● **Collected material**
* * *

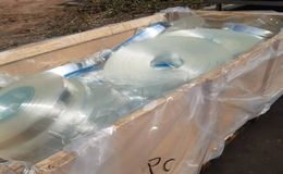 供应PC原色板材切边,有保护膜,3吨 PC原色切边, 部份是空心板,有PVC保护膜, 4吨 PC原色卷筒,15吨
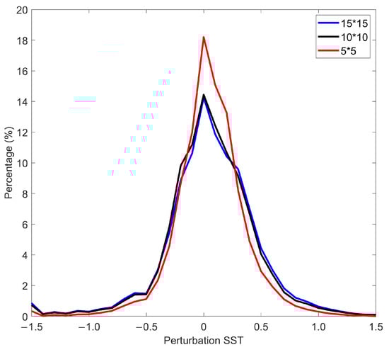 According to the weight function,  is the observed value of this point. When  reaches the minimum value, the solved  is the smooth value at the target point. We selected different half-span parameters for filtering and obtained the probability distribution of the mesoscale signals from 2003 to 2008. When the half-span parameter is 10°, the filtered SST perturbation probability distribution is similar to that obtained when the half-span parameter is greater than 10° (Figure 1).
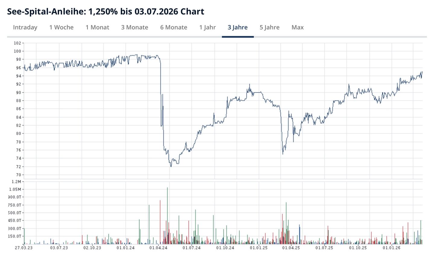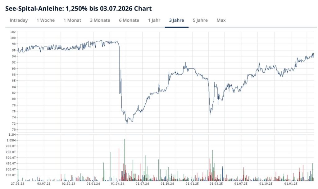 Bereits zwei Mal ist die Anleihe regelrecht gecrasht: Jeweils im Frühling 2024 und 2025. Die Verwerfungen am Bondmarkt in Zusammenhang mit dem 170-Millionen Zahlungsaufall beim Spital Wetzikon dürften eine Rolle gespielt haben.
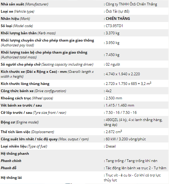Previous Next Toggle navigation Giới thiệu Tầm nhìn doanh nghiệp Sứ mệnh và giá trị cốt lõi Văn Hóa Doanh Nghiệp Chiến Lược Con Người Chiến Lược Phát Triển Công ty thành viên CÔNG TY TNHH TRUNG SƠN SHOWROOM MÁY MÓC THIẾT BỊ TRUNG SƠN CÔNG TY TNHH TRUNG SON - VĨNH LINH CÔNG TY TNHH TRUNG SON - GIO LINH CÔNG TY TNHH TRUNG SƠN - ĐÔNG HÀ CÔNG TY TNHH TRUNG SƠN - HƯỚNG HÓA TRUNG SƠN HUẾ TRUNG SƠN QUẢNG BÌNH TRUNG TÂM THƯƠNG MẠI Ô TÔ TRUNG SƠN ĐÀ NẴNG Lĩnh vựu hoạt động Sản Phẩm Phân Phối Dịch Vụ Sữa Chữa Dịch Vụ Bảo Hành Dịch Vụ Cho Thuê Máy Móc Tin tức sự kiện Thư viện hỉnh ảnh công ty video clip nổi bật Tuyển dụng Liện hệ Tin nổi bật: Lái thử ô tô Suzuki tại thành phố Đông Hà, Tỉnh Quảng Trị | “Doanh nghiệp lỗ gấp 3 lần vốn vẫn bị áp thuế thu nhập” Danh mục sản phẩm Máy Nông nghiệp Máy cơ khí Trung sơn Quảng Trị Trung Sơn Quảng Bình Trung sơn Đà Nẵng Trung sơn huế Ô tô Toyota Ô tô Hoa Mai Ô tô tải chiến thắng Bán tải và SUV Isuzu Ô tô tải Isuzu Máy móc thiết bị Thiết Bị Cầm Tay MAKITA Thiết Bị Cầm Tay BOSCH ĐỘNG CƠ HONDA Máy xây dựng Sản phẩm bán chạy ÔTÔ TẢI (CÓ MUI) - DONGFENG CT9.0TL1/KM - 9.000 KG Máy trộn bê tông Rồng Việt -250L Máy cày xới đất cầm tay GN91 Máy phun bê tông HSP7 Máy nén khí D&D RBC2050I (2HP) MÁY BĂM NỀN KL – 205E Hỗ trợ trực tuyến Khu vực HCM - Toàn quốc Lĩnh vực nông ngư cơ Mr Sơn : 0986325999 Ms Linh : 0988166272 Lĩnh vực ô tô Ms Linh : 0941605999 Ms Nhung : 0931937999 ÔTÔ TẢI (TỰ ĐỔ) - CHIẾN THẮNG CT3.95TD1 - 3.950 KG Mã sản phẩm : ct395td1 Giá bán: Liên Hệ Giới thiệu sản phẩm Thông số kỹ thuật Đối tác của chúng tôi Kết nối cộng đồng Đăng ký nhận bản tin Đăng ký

* * *

● **Problem details**
Leaving out the pictures, restate each line of the listing above verbatim, from the opening line to the line bearing "According to the", inclusive, and no more.

● **Answer box**
 供应PC原色板材切边,有保护膜,3吨 PC原色切边, 部份是空心板,有PVC保护膜, 4吨 PC原色卷筒,15吨
 According to the weight function,  is the observed value of this point. When  reaches the minimum value, the solved  is the smooth value at the target point. We selected different half-span parameters for filtering and obtained the probability distribution of the mesoscale signals from 2003 to 2008. When the half-span parameter is 10°, the filtered SST perturbation probability distribution is similar to that obtained when the half-span parameter is greater than 10° (Figure 1).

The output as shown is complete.